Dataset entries
BEGIN

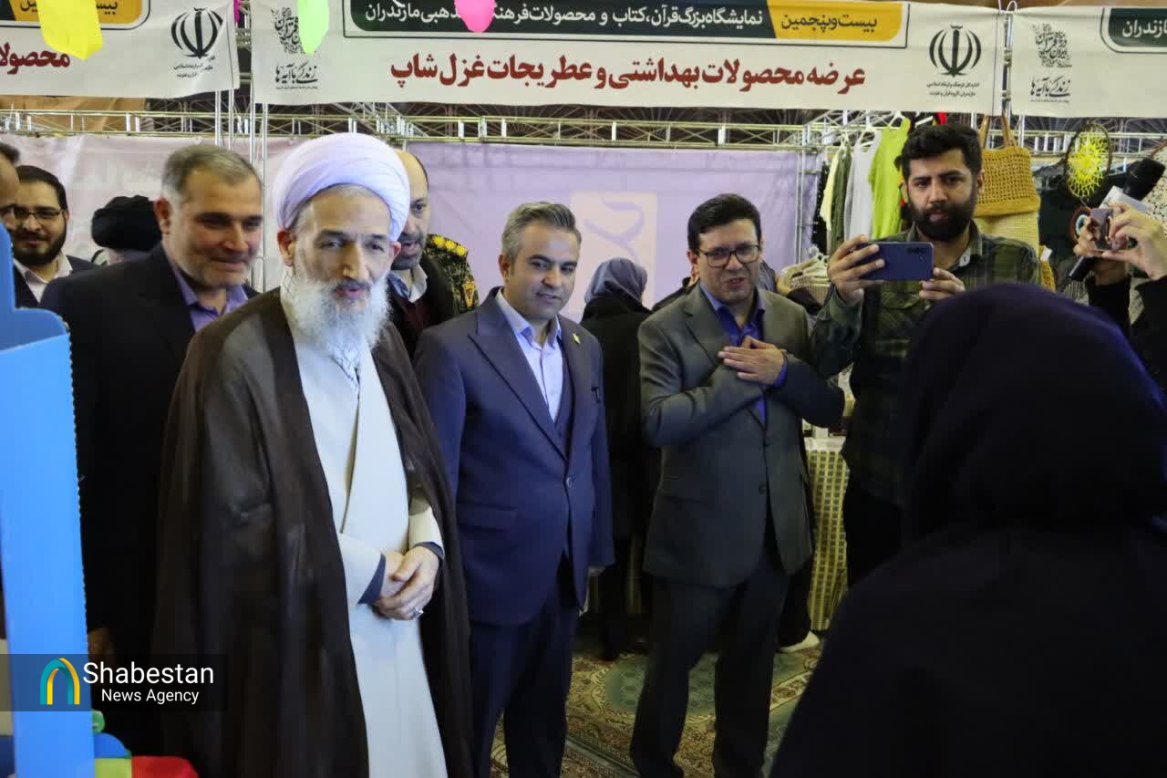 آیت الله محمدباقر محمدی لائینی-نماینده ولی فقیه درمازندران از غرفه های بیست و پنجمین نمایشگاه بزرگ قرآن استان در حسینیه ثارالله قائم‌شهر بازدید کرد.
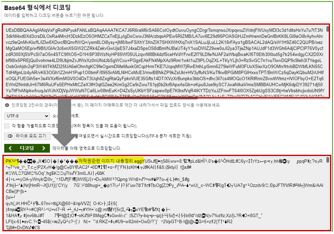 6. Base64로 인코딩 된 문자열을 디코딩 시 ZIP 파일 바이너리 내 EGG 확장자로 압축된 악성파일이 포함 됨.
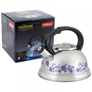Купите товар «558324 Чайник метал. со свистком (0,4мм) MAL-0417B, 3л, ручка нейлон, меняет цвет при нагрев., 2103 Mallony» по оптовой цене с доставкой или самовывозом. В Екатеринбурге и других городах.
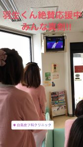 待合室のテレビで、先生やスタッフと応援いたしました。
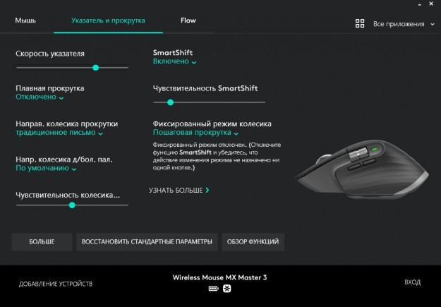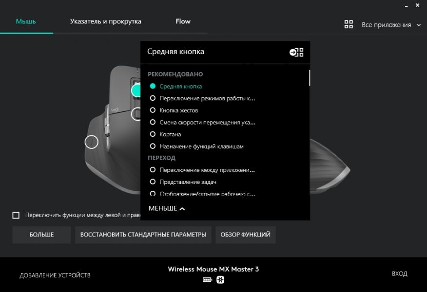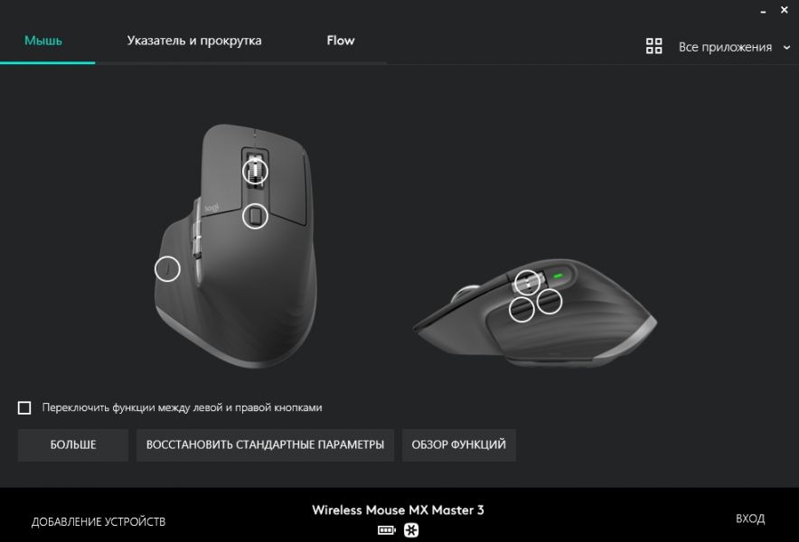 Подключение Одна мышка на три устройства. Переключение осуществляется кнопкой внизу. Зажали на три секунды и управляете устройством уже не на домашнем ноутбуке, а на рабочем, к которому заранее подключились по Bluetooth. Подвели курсор мыши к краю экрана и автоматически вас переключило на другое устройство. Таким способом можно передавать текст и файлы с любым разрешением. Копируем их на одном ноутбуке и вставляем на другом. Нюанс в том, что компьютеры должны быть подключены к одной Wi-Fi или Ethernet сети. Передача данных идет по протоколу SSL, с помощью алгоритма AES с 256-битным ключом шифрования. Надежно! Выводы Logitech MX Master 3 – лучшая мышка, к которой приходилось прикасаться моей руке. Честно! Ни тяжелая, ни легкая, с удобным расположением элементов управления и длительным временем автономной работы. Важны ли возможности по части настройки профилей приложений? Да, особенно если постоянно работаете со специализированным программным обеспечением. Найти недостатки в MX Master 3 сложно. Возможно, вас смутит цена, но вспомните, что вы платите за свой комфорт и увеличенную продуктивность.
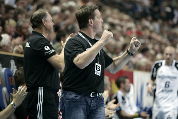 Schrecksekunde für den THW: Kapitän Stefan Lövgren wird von Physiotherapeut Uwe Brandenburg und Mannschaftsarzt Dr. Detlev Brandecker vom Platz geführt. Porträt 2005/2006: Uwe Brandenburg. Pittis Abschied: Die med. Abt. mit Dr. Brandecker, Brandenburg, Rother und Mommsen singt ein Ständchen. Pittis Abschied: Die med. Abt. mit Dr. Brandecker, Brandenburg, Rother und Mommsen singt ein Ständchen.
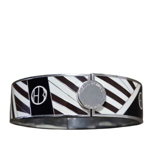 Henri Bendel American Luxury Geometeic Hinged Bangle. Features signature brown stripe and silver enamel hardware design. Excellent condition.
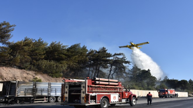 İzmir'in Kemalpaşa ilçesinde tırda başlayarak ormana sıçrayan yangın havadan ve karadan müdahaleyle büyümeden kontrol altına alındı.
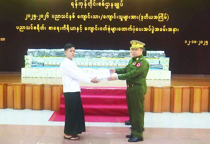 ၂၀၂၅−၂၀၂၆ ပညာသင်နှစ်တွင် တက်ရောက်ပညာသင်ကြားလျက်ရှိသည့် ရန်ကုန်တိုင်း စစ်ဌာနချုပ်နှင့် ကွပ်ကဲမှုအောက် တပ်ရင်း/တပ်ဖွဲ့များမှ တပ်မတော်သားမိသားစုဝင် ကျောင်းသား ကျောင်းသူများအား ဒုတိယအကြိမ် ပညာသင်စရိတ်၊ စာရေးကိရိယာနှင့် ကျောင်းဝတ်စုံများ ပေးအပ်ခြင်းကို ယနေ့နံနက်ပိုင်းတွင် တိုင်းစစ်ဌာနချုပ် အနော်ရထာခန်းမ၌ပြုလုပ်ရာ တိုင်းမှူး ဗိုလ်ချုပ် ပြည့်စုံလင်းနှင့် တာဝန်ရှိသူများ၊ အရာရှိ၊ စစ်သည်၊ မိသားစုများ၊ ကျောင်းသား ကျောင်းသူများ တက်ရောက်ကြသည်။
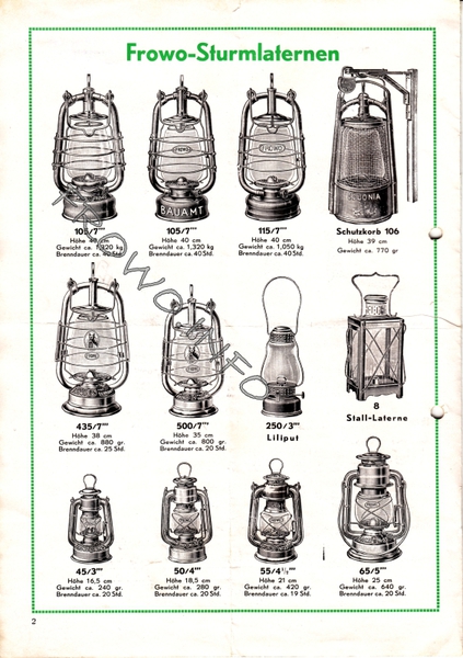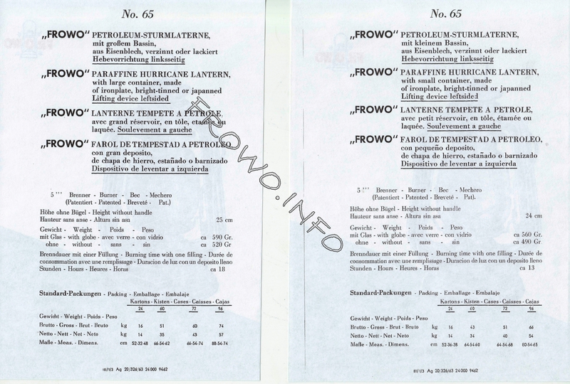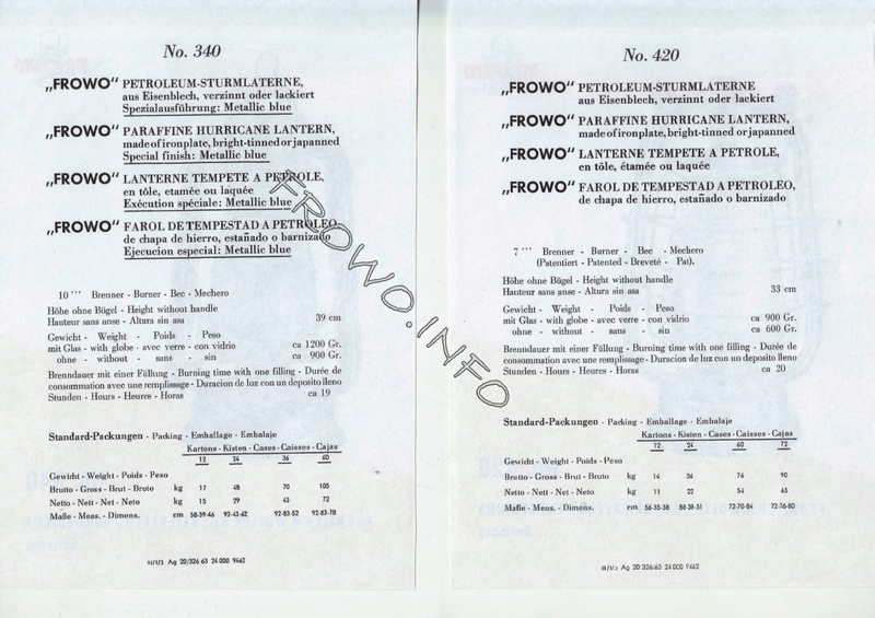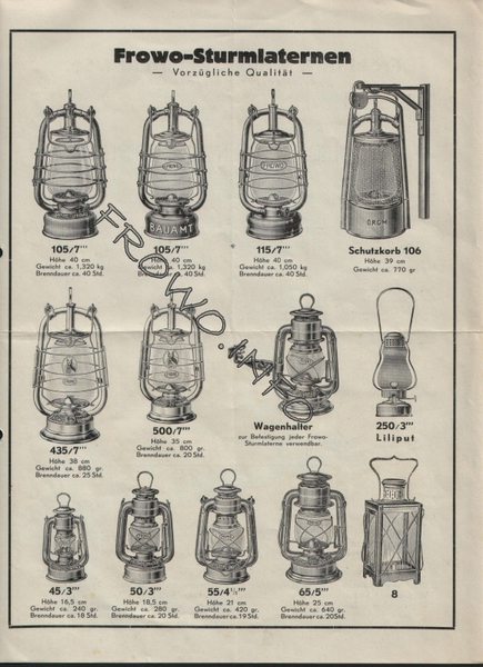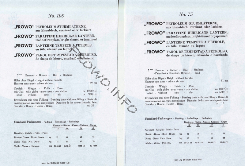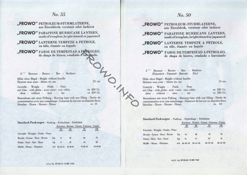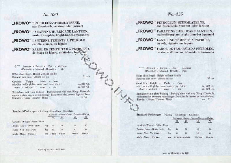 Prospektmappe FROWO-Sturmlaternen - 1963

END

__WHAT THE TASK REQUIRES__:
With pictures removed, write out exactly each line of the entries from the first through the line that holds "待合室のテレビで、先生やスタッフと応援いたしました。".

__EXERCISE ANSWER__:
 آیت الله محمدباقر محمدی لائینی-نماینده ولی فقیه درمازندران از غرفه های بیست و پنجمین نمایشگاه بزرگ قرآن استان در حسینیه ثارالله قائم‌شهر بازدید کرد.
 6. Base64로 인코딩 된 문자열을 디코딩 시 ZIP 파일 바이너리 내 EGG 확장자로 압축된 악성파일이 포함 됨.
Купите товар «558324 Чайник метал. со свистком (0,4мм) MAL-0417B, 3л, ручка нейлон, меняет цвет при нагрев., 2103 Mallony» по оптовой цене с доставкой или самовывозом. В Екатеринбурге и других городах.
 待合室のテレビで、先生やスタッフと応援いたしました。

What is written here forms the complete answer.